---------- Input data

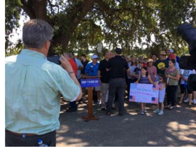
Dozens gathered on the Yuba City levee demanding a swift levee fix at Yuba City below Oroville Dam in the months after the dam was damaged.

It depends on what the situation is. There are maps for different incidents like a partial or total dam failure. It's hard because of topography and we don't know where a breach would occur. Without that, it is really impossible to provide an inundation map. Maps are only as good as a series of assumptions and every storm is different and has to be created within that moment and forecast. The best thing to do is if we're advising of a voluntary or mandatory evacuation, please heed the warning.
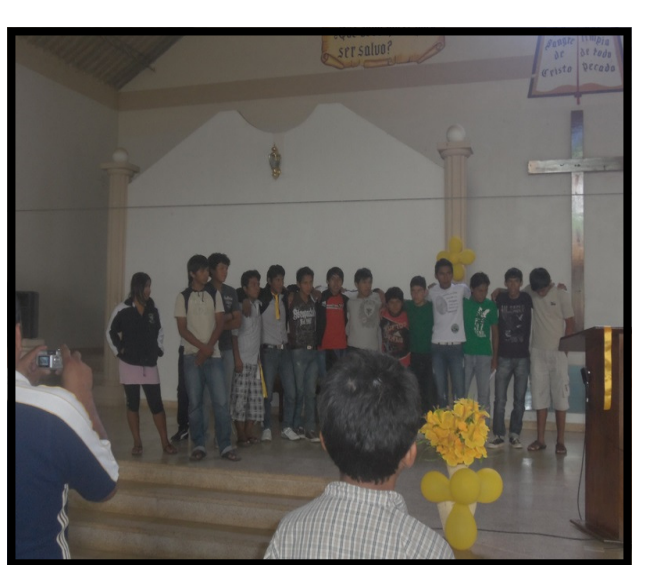
Kids that were saved
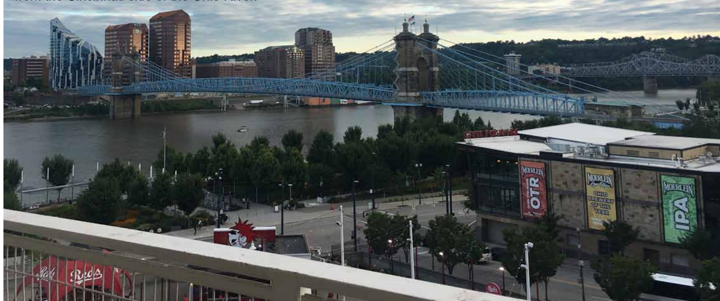
A view of Northern Kentucky and the John A. Roebling Suspension Bridge from the Cincinnati side of the Ohio River.
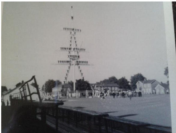
The famous mast we all had to climb!

Mess deck, floors were scrubbed with a hand brush!
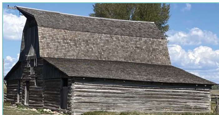
One of the structures on Mormon Row located in Grand Teton National Park.

On September 11, 2023, 10 members of the Silver Star Camp , Lincoln Company, Star Valley, Wyoming, traveled to Mormon Row. It is located in Grand Teton National Park and got its name from the fact that the 27 Mormon homesteaders who settled there clustered their farms to share labor and community. These settlers arrived in the late 1890s and early 1900s from Idaho. They were descendants of the early pioneers who traveled to Zion in the mid 1800s. These hardy settlers dug ditches by hand and with horses, built an intricate network of levees and dikes to funnel water to their fields. The famous, picturesque Moulton barns highlight Mormon Row, with the Grand Tetons in the background. The weather was beautiful and the ladies had an enjoyable day in the wonderful scenery.
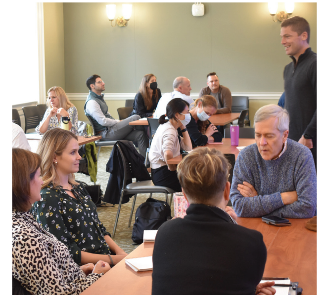
Subtraction Thinking session

OE sponsors the UVA institutional membership providing access to NCCI learning resources and a network of colleagues from across the nation. More than 200 UVA faculty and staff hold an active status with NCCI and have engaged in formal programs of communities of practice, webinars led by higher education thought leaders, and the annual conference.
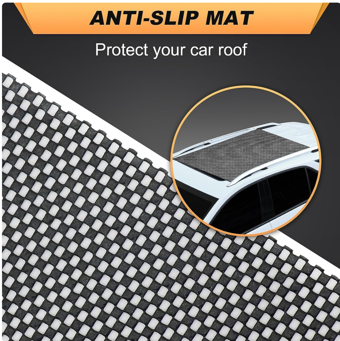
Figure 3: Anti-slip mat placement on the vehicle roof.

Place the anti-slip mat on your vehicle's roof where the cargo carrier will sit. This mat helps prevent the carrier from shifting and protects your car's paint.
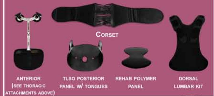
ANTERIOR (SEE THORACIC ATTACHMENTS ABOVE)
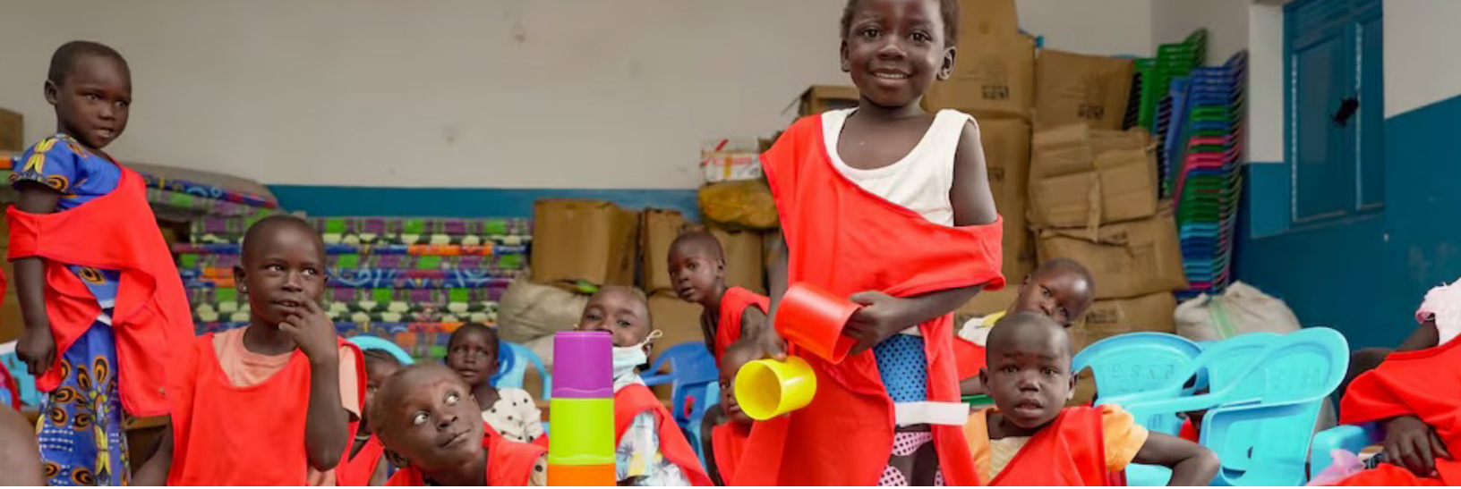
Students in the Democratic Republic of Congo play at a UNICEF-supported mentoring and development center.
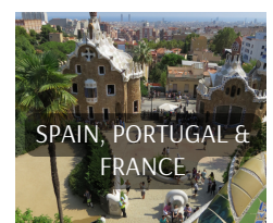
SPAIN, PORTUGAL & FRANCE
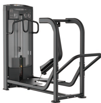
RE8032 STANDING REAR KICK
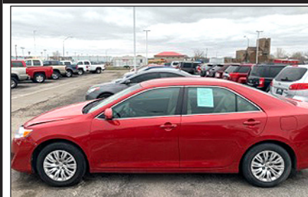
'14 TOYOTA CAMRY #ZN28597B, Red $5,800
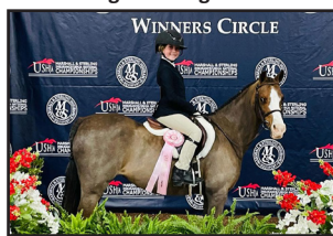
MacLean Sennhenn & Farmore Royal Gala
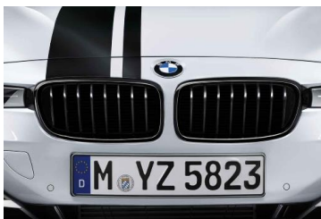
BMW M Performance kidney grilles, black high gloss
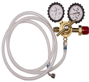
KIT, PRIMARY N2 REGULATOR
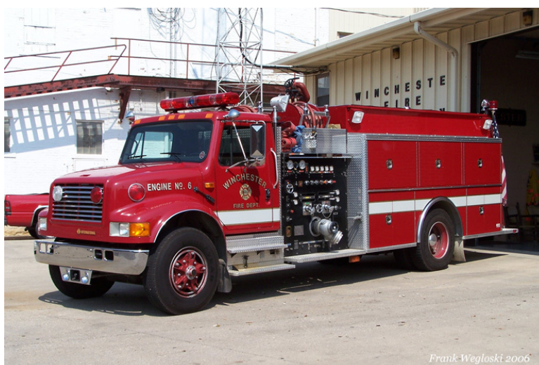
The Winchester Fire Department's Engine No. 6.

Established in 1897, the Winchester Fire Department (WFD) is a combination fire department that provides fire, rescue and BLS services to more than 5,000 residents in the town of Winchester, located 90 miles northeast of Indianapolis in central Randolph County. The WFD is composed of 26 members (including two full-time personnel who are on duty at all times) and responds to more than 300 emergency runs each year.
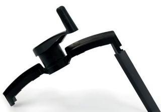
"Cut & Mix" scraper
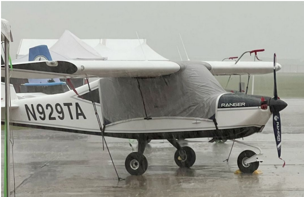
Vashon Ranger Canopy Cover

Travel Covers are made with Silver Solution-Dyed Polyester fabric and only lined over the windshield to save weight. The material is lightweight and more compact for easy stowage in the aircraft. The polyester material is water resistant, but only intended for occasional use outside. We also have an ultra lightweight material available for fitted hangar dust covers. For daily outdoor use, the non-travel Sunbrella Cover is the best choice.
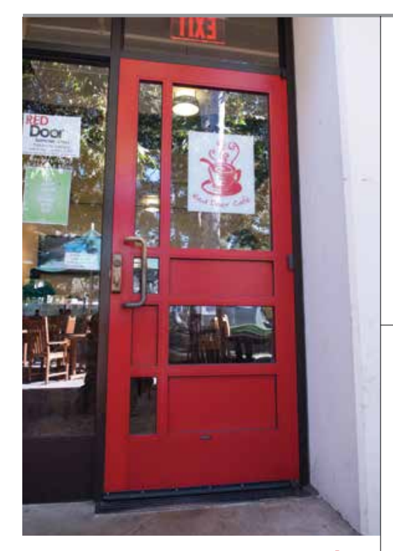
The RED DOOR CAFÉ

tell us about their favorite spaces at Caltech. Here is what some of them had to say.
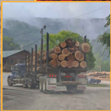
BUILD YOUR OWN VENDOR AND PRICE LISTS

The weekly Check Journal report provides a quick and easy to understand report, detailing each Vendor and their total costs for the week. The Mill Boss™ provides all the info you need to settle - all you need to do is write the check.
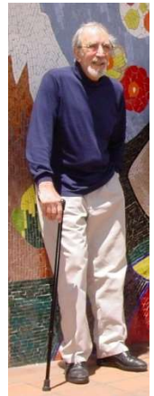
Standing Outside Clinic, Quito, 2003
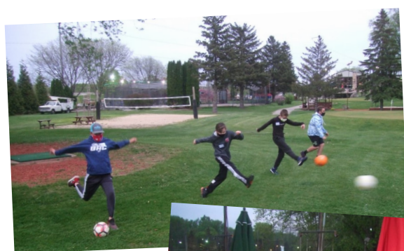
MSYC Playing Footgolf & Enjoying Ice Cream Together

Grab some gloves and solid shoes and join us on Saturday, June 26 from 11:45-2:00 at the Forward Gardens located at 7492 West Old Sauk Road in the Town of Middleton, west of the beltline and part of the Pope Farm Conservancy. We worked at this community garden last fall and the group had a great time! Space is limited, so you must sign up by June 25.
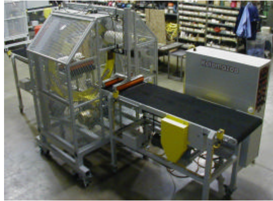
Shown with optional conveyors and casters.

820FA-12 Fully-Automatic Horizontal Winder Stretch Wrap Systems with 12" Variable Tension Film Delivery and Optional Conveyors.
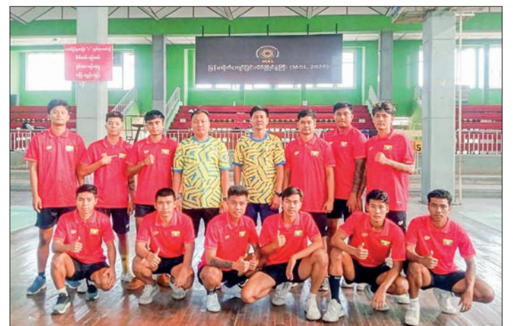
The Myanmar Sepak Takraw team.
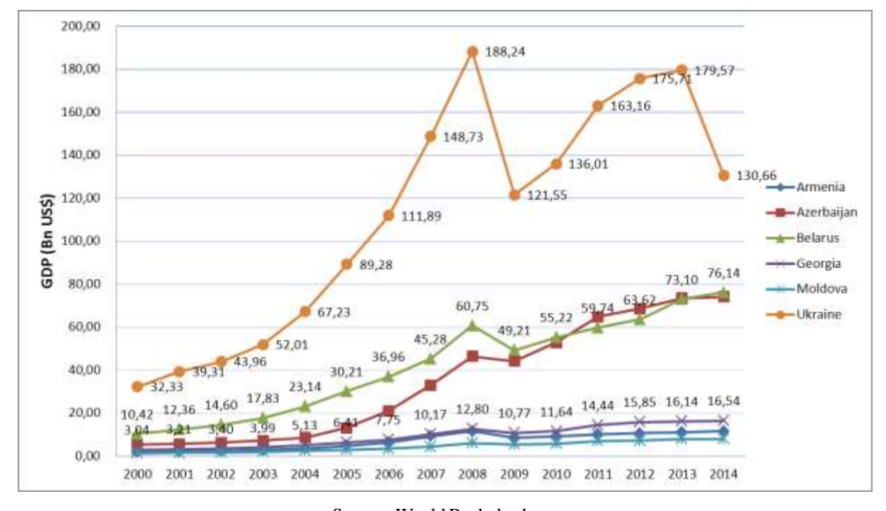
Figure 1 – GDP Growth Dynamics (Bn. US$)

In Ukraine, there are periods of sharp economic downturn during the world economic crisis and the current conflict in Ukraine.
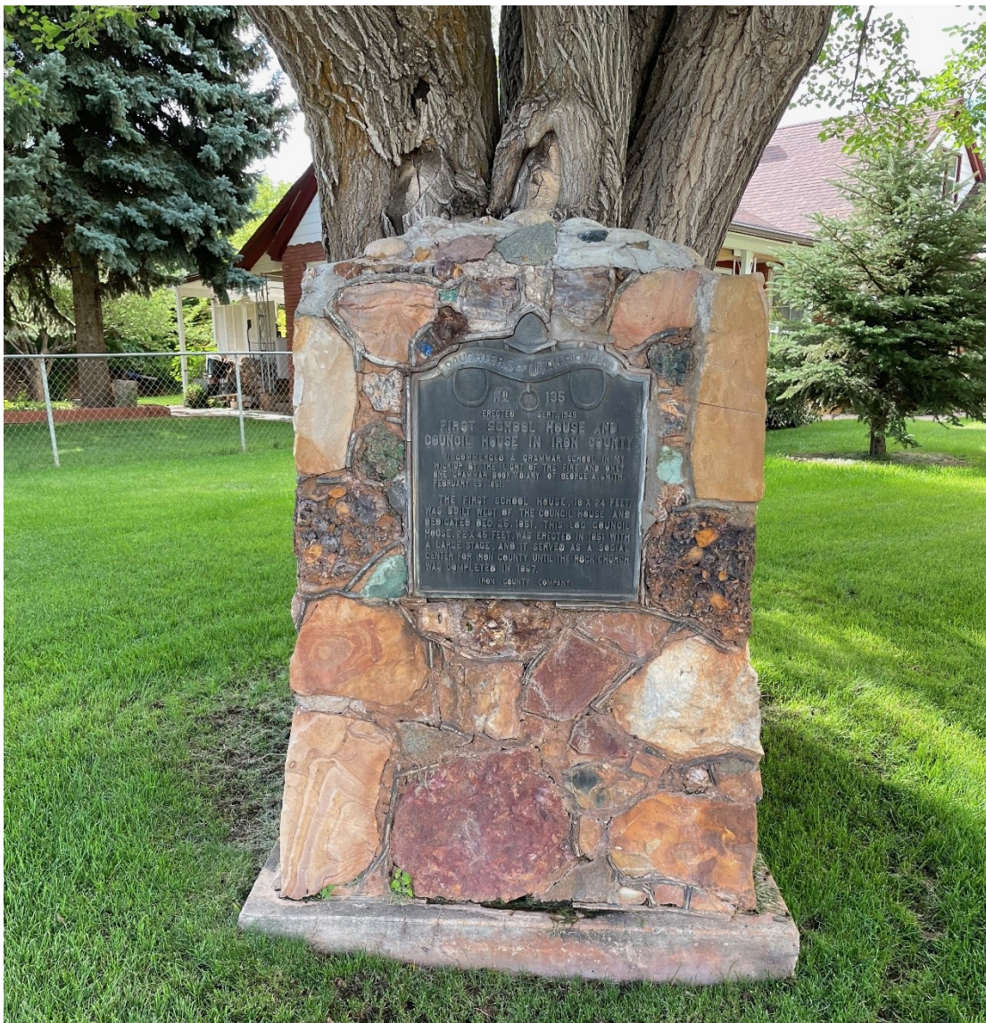
Daughters of Utah Pioneers #135 Erected September 1949 by Iron County Company

Longitude: -112.827222; Latitude: 37.840278; Elevation 6,030'; DUP_135 Prwn-2 First School House
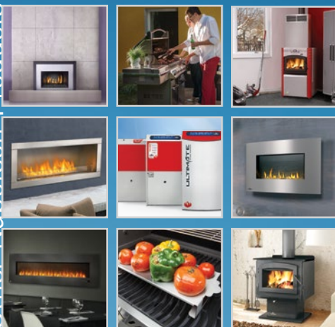
Fireplace Inserts • Gas Grills • Hybrid Furnaces • Outdoor Fireplaces Gas Furnaces • Gas Fireplaces • Electric Fireplaces • Accessories • Wood Stoves
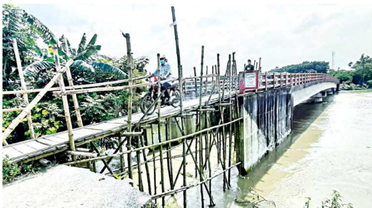
Locals in Tangail Sadar upazila's Boro Basalia area have been suffering for 14 long months as the mouth of a bridge over the Louhajang river remains damaged. The bridge leads to a road, which is important for communication in the upazila.
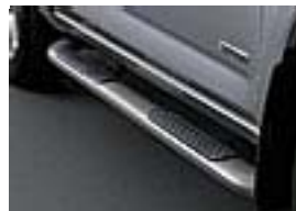
Tube Steps $450.00 Installed MSRP*
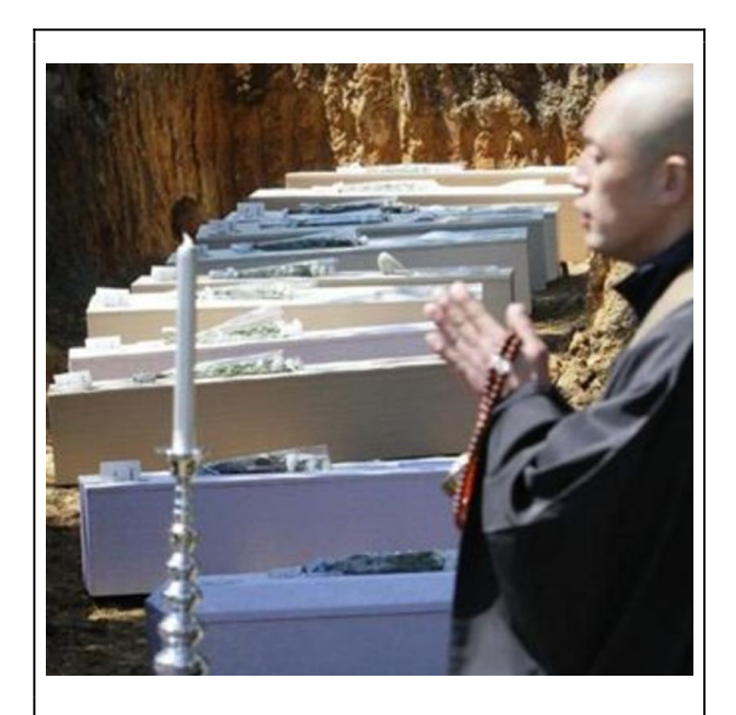
Buddhist priests and coffins of tsunami victims

Just how closely Buddhism is connected to suffering can readily be seen in Buddhism's basic teachings as encapsulated in the Four
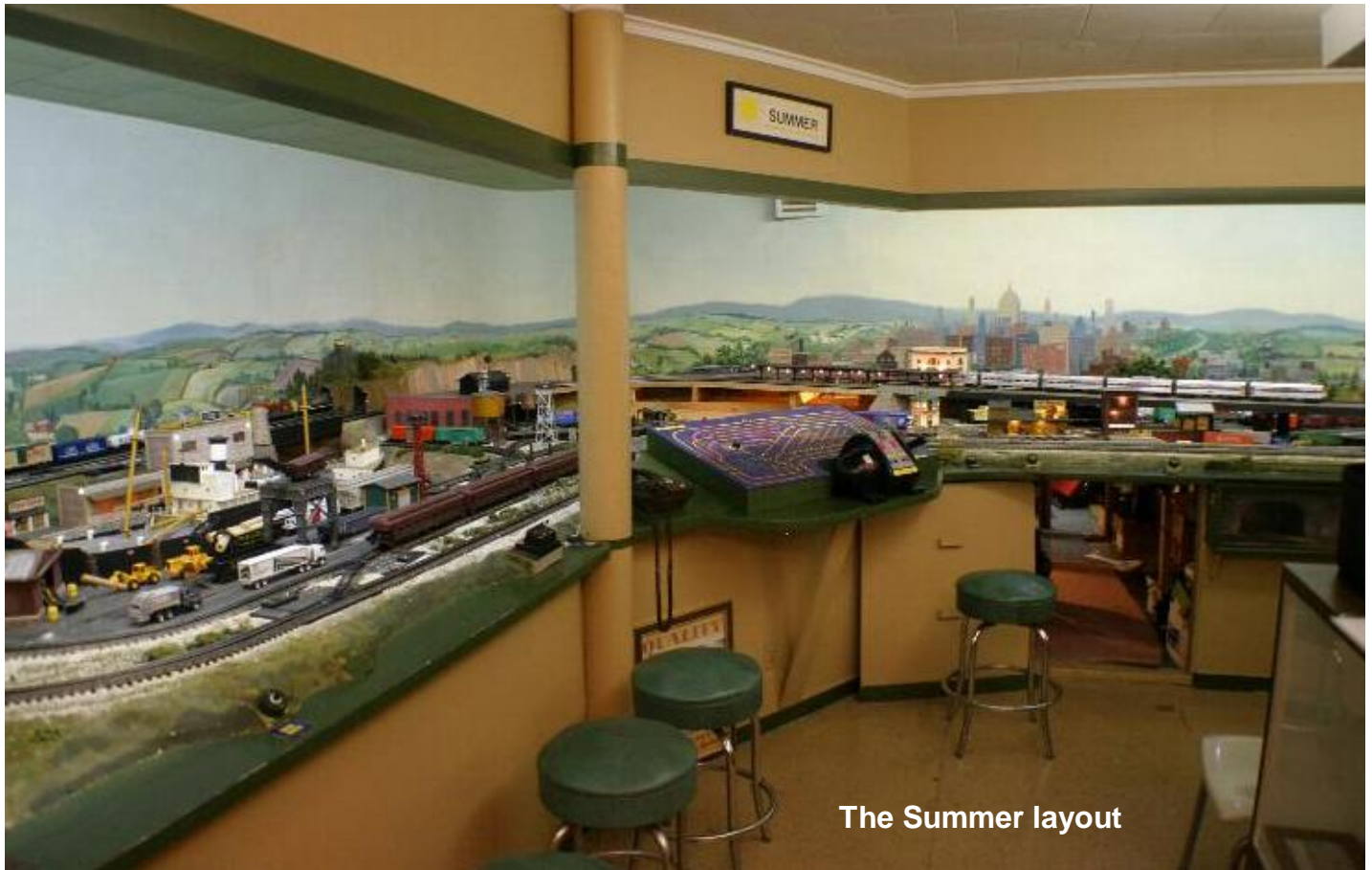
The Summer layout

--------------------

■ Goal of the exercise:
The word "than": say how many lines of the records hold it, and give nothing but the number.

■ Solved problem:
2